The entire eastern front blazed into action as other Red attacks were launched south of Leningrad, against the Belgorod, Donets and Mius River salients, at the Nazi bridgehead in the Caucasus. But to the Soviet Supreme Command many of these operations were not of general importance. Said one Moscow communique: "South of Izyum, fighting of a local nature continued. ... A regiment of German infantry and 80 tanks counterattacked one of our units. ..."
But the Berlin radio voiced alarm: "The enemy is attacking with terrible numerical superiority at Orel. . . . The entire Russian super-offensive shows that the Russians want to enforce a decision in the war this summer. ..." A Nazi spokesman said 600 divisions were deployed on the eastern front on both sides. (In Sicily not more than 20 divisions are engaged on both sides.)
For the German High Command, Orel is not of overwhelming strategic importance. Key Nazi anchors at Bryansk and Smolensk, 145 miles northwest of Bryansk, might be defended effectively, even if Orel is lost. But another Stalingrad, another German army chewed up, and German army morale might not survive.
Red Star referred to German tankmen's "indecision, bordering on cowardice" in the Orel battle. Wrote Red Star last week: "Victory is approaching. The emaciated German divisions are now unable to check our offensive." This week Moscow dispatches reported that the Germans in Orel were demolishing the city, preparing to retreat through a narrowing corridor in their rear.
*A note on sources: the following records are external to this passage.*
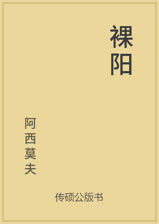 《裸阳》(The Naked Sun),是美国科幻作家艾萨克·阿西莫夫出版于1957年1月的科幻小说,第二部以以利亚·贝莱(Elijah Baley)为主角的科幻推理小说,也是阿西莫夫“机器人系列”的第二部作品。在遥远的索拉利星球上,首次发生了神秘谋杀案。索拉利文明根植于大量运用机器人为奴隶,人与人隔绝,不相往来,任何索拉利人,终其一生都无法忍受与配偶以外的人接触。这次案件中的被害者是家中男主人,而所有证据都说明他的妻子不可能是凶手,那么,会是机器人吗?然而根据机器人学三大法则、机器人是不能够杀人的。地球便衣刑警以利亚·贝莱奉命前往同机器人机·丹尼尔·奥利瓦合作侦破此案。他也是第一个被允许进入外围世界的地球人,藕此他可以探听许多地球人迫切想知道的外世界真相……
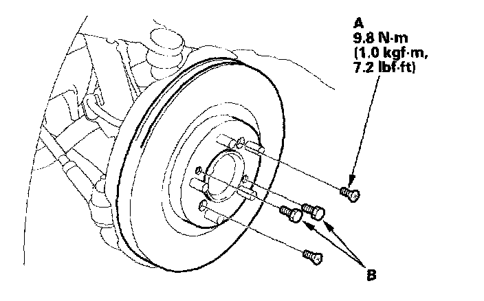 7. Screw two 8 x 1.25 mm bolts (B) into the disc to push it away from the hub. Turn each bolt two turns at a time to prevent cocking the disc excessively.
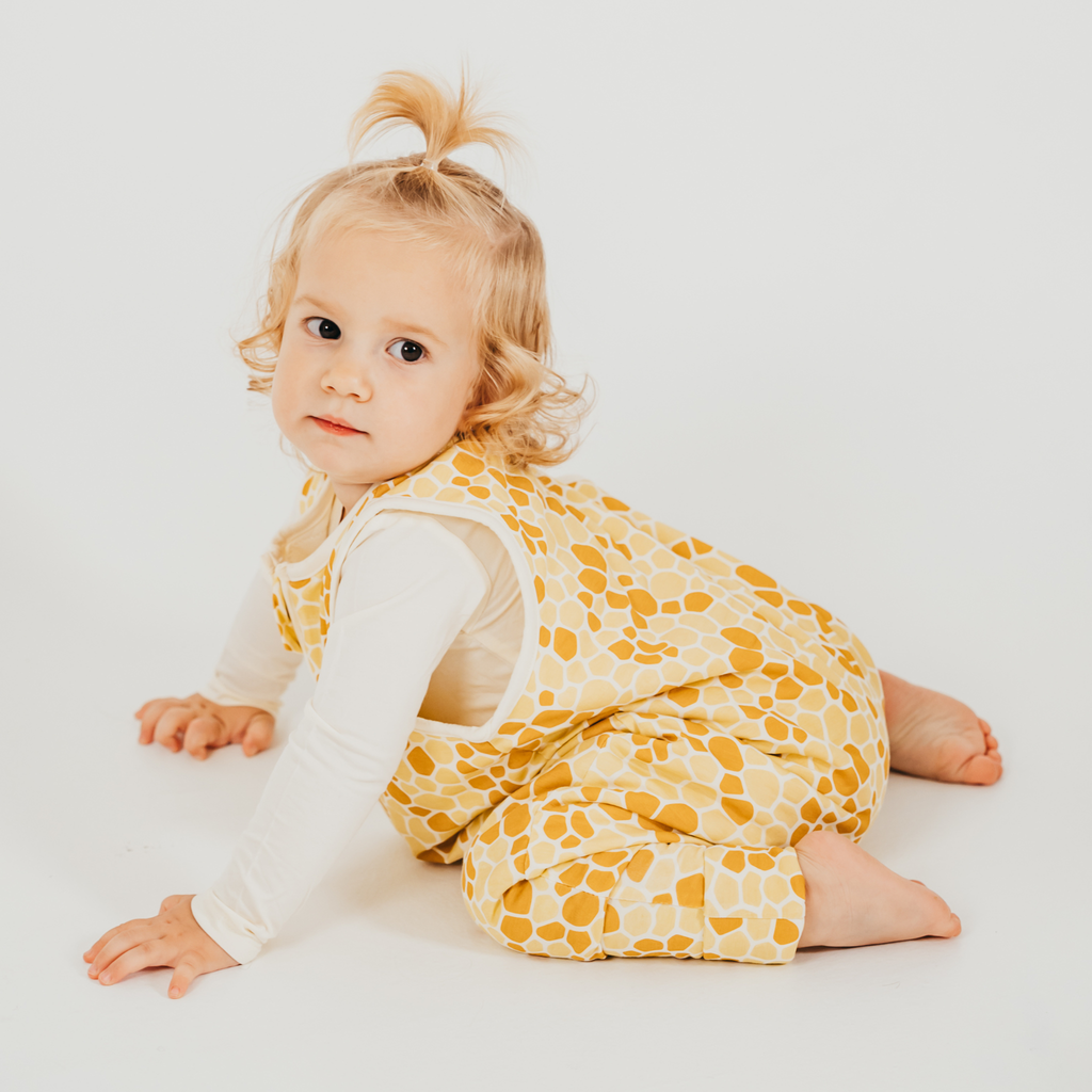 Trojvrstvový podšitý spací vak s nožičkami a 2.5 TOG odporúčame do izby s teplotou 18-21°C. Roztomilý žirafí vzor na modrom bezrukávovom spacím vaku s gamašami je ideálnou voľbou na zimu alebo do chladnejšej izby.
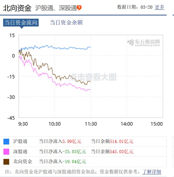 资金流向上,东方财富网数据显示,北向资金净流出趋缓,北向资金半日净流出19.04亿元,其中沪股通资金净流入5.99亿元,深股通资金净流出25.03亿元。
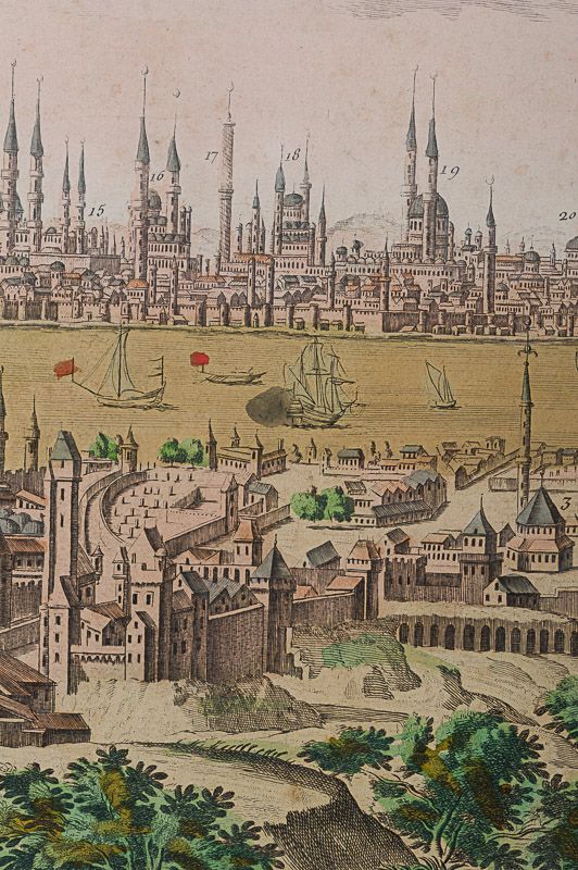 The delightfully water-coloured skyline is pierced by tall minarets of the city’s many mosques: the Hagia Sophia, Süleymaniye Mosque and the Sultan Ahmed (Blue) Mosque stand preeminent among these. The famous fortified walls of Constantinople can also be observed.
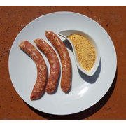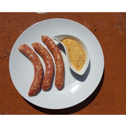 Chipolatas aux épices indiennes BIO x16Chipolatas mises sous vide Epices : sel de Guérande - oignon - poivre noir - piment - cumin - coriandre - persil - curcuma |
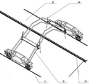1. the device comprises a first travel switch, 2, a first travel switch mounting fixing seat, 3, a front wheel, 4, a gutter, 5, a front wheel fender tile, 6, a first proximity switch, 7, a wheel guide rail, 8, a second travel switch, 9, a second travel switch mounting fixing seat, 10, a rear wheel, 11, a base frame rear frame, 12, a rear wheel fender tile, 13, a fourth proximity switch, 14, a motor protection device, 15, a telescopic rod, 16, a fixing and adjusting device, 17, a third travel switch, 18, a cross pipe buckle, 19, a greenhouse ridge, 20, a second proximity switch, 21, a transmission chain wheel, 22, a wire wheel bracket, 23, a fixing plate, 24, a wire wheel, 25, a detection rod fixing device, 26, a detection rod, 27, a shed roof, 28, a main suspension, 29 and a third proximity switch.
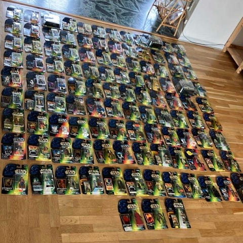 Kompler samling af 3 figur POTF figurer fra 90’erne og to fede playsets fra Star Wars Hasbro. Uåbnede

Objectives. Marshal Joseph Stalin was reported at the front personally coordinating the Russian offensives. This week he assumed operative command of the Orel drive. His main strategic objectives perhaps were: 1) to draw German forces away from Kursk, where some 38 Nazi divisions under Field Marshal Guenther von Kluge have made small gains at great costs (TIME, July 19); 2) to eliminate the Orel salient, which pointed menacingly at Moscow. If the Russians can chew off the German salients at Leningrad, Orel, Belgorod, on the Donets and the Mius Rivers, wipe out the Caucasian bridgehead, a general push westward toward Germany should be possible in 1943.
The Germans had lost the initiative. Their objectives were simple: to defend themselves as best they could, selling everything they lost at the highest possible price, so that the weakened Red Army would be unable to launch decisive offensives later.
Achievements. By last week Stalin's objective 1 had been achieved. In a special order of the day he announced that "the German offensive of July [against Kursk] . . . had been finally liquidated."
Then Stalin reported: "In the period between July 5 and July 23 the enemy sustained the following losses: more than 70,000 killed; 2,900 tanks destroyed or disabled, 195 self-propelled guns, 844 field guns, 1,392 planes and more than 5,000 trucks destroyed." (The Germans claimed 350,000 Russians killed, wounded or captured since July 15; 4,964 Russian tanks, more than 2,000 planes, 2,310 cannon destroyed.)
Hitler's Orel salient seemed doomed. If it fell and if the Red Army also succeeded in liquidating the Belgorod salient, the Russians would be free to make the move the Germans probably feared most --a push southward toward the Sea of Azov, which would cut off the industrial Donets basin and trap large German forces. If this operation could be executed, the great westward march would be under way.